Colombia's Coffee Harvest Surged to 10.9M Bags in 2013
Colombia produced 10.9 million 60-kg bags of arabica coffee in 2013, the national growers' federation said on Friday, a 41 percent jump over the previous year, helped by improved weather and millions of new trees reaching productive age.
Exports for the year were 9.7 million 60-kg bags, a 35 percent increase over the previous year, the federation's data showed.
The leap in output this year seemed to show that a run of bad harvests from 2008 due to bad weather and the widespread renewal of trees in response to a roya fungus epidemic is now firmly behind the world's top grower of washed arabicas.
In 2012, Colombia's coffee harvest yielded just 7.7 million bags. Officials at the coffee federation see the potential for the crop to expand in the coming years with many more trees still to reach productive age.

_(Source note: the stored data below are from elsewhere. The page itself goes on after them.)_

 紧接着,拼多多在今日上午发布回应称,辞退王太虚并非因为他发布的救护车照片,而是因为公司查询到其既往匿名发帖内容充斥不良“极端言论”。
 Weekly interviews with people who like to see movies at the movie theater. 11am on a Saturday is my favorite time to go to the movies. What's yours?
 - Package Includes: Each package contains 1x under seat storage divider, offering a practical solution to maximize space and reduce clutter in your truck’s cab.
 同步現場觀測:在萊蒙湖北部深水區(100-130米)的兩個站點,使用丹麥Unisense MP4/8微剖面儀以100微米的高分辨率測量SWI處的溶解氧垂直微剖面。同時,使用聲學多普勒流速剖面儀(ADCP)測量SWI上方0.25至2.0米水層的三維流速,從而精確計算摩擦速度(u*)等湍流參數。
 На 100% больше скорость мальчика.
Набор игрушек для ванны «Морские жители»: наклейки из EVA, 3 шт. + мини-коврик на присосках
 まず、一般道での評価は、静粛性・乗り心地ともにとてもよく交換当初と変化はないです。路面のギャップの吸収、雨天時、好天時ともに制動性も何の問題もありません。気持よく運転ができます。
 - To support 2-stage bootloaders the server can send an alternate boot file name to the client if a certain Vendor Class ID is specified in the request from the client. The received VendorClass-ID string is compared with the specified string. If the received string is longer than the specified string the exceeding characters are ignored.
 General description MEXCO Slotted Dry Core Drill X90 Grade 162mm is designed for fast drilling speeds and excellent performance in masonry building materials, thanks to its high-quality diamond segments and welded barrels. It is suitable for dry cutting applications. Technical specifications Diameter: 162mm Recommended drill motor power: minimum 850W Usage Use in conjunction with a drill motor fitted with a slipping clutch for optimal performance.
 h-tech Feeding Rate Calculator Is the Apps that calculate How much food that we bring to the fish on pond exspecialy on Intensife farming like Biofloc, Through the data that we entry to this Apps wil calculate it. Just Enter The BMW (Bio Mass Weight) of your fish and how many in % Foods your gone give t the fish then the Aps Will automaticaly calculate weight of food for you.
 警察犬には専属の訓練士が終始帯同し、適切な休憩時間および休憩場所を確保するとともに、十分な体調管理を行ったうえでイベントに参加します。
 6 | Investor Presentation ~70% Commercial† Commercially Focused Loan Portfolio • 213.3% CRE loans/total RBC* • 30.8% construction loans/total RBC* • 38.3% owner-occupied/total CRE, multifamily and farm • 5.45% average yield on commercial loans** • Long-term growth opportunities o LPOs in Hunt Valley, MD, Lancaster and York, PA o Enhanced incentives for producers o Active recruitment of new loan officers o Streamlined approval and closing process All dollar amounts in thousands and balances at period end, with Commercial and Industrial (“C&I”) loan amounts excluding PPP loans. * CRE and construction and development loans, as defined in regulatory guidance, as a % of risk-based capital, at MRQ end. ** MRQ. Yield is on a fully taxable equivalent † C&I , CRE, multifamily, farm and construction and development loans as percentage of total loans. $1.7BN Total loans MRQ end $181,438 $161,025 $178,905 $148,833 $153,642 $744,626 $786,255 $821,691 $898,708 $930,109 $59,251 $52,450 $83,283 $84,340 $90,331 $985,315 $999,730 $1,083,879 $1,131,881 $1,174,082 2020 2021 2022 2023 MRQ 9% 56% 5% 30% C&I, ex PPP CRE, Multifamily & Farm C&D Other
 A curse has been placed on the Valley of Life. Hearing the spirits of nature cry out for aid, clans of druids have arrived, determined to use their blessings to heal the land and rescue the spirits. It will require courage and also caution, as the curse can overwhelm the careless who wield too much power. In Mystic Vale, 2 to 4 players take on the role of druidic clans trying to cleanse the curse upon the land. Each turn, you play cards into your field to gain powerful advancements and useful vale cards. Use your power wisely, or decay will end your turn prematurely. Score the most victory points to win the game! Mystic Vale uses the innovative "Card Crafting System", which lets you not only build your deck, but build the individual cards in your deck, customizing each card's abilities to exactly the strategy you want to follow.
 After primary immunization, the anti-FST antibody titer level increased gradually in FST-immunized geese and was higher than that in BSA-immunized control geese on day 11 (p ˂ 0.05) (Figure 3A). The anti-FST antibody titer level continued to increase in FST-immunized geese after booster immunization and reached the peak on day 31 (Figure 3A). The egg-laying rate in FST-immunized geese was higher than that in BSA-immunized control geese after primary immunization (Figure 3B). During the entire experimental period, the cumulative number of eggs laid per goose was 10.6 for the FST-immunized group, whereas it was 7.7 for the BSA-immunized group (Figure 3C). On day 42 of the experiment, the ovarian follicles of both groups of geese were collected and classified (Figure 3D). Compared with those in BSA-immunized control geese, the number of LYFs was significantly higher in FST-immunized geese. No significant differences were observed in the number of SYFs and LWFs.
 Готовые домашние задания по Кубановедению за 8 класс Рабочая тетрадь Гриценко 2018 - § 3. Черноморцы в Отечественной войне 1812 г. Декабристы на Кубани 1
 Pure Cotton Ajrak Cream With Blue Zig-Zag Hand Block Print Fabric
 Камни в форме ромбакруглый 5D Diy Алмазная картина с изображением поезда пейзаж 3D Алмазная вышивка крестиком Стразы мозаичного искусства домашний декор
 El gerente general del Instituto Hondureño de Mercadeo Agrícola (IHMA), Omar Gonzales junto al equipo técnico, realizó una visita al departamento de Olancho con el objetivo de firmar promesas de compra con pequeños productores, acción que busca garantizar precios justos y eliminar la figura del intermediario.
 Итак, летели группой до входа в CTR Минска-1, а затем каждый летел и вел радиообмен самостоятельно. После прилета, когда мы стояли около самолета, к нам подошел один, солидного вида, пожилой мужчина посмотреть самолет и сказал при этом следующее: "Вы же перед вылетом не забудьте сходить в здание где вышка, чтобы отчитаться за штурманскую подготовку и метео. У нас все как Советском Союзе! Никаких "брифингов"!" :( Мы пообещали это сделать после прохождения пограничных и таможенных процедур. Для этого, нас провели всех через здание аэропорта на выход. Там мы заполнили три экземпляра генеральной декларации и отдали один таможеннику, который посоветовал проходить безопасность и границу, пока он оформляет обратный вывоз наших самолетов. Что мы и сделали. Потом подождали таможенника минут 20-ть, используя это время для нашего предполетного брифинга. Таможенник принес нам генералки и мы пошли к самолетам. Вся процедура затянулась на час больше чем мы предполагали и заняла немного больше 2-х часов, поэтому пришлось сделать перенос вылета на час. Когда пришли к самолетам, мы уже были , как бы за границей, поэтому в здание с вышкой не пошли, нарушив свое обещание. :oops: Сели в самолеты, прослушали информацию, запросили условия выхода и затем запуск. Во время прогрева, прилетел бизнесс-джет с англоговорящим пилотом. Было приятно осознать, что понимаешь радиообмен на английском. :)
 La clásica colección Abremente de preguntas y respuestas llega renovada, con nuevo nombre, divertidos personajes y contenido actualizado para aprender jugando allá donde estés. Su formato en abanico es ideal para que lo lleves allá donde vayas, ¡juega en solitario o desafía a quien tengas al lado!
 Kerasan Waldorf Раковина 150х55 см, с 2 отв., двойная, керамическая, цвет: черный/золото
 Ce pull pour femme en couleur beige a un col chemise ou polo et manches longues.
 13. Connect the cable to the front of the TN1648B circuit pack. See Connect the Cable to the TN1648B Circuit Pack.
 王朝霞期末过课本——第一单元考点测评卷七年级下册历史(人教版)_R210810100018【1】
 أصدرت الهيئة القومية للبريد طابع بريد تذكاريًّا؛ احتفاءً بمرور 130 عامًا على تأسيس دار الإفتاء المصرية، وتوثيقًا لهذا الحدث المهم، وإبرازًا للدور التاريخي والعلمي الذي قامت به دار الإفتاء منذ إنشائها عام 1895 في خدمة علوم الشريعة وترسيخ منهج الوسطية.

The Andean nation has planted 2.8 billion new coffee trees in the last five years, its monthly production bulletin said, noting that it had also leapfrogged Indonesia in 2013 to reclaim the rank of the world's third-biggest coffee grower.
"Greater productivity is contributing to recovering competitiveness. We hope that average productivity will continue to increase in 2014, which will help in part to compensate for the uncertain outlook for international prices," said Luis Genaro Munoz Ortega, head of the coffee growers' federation.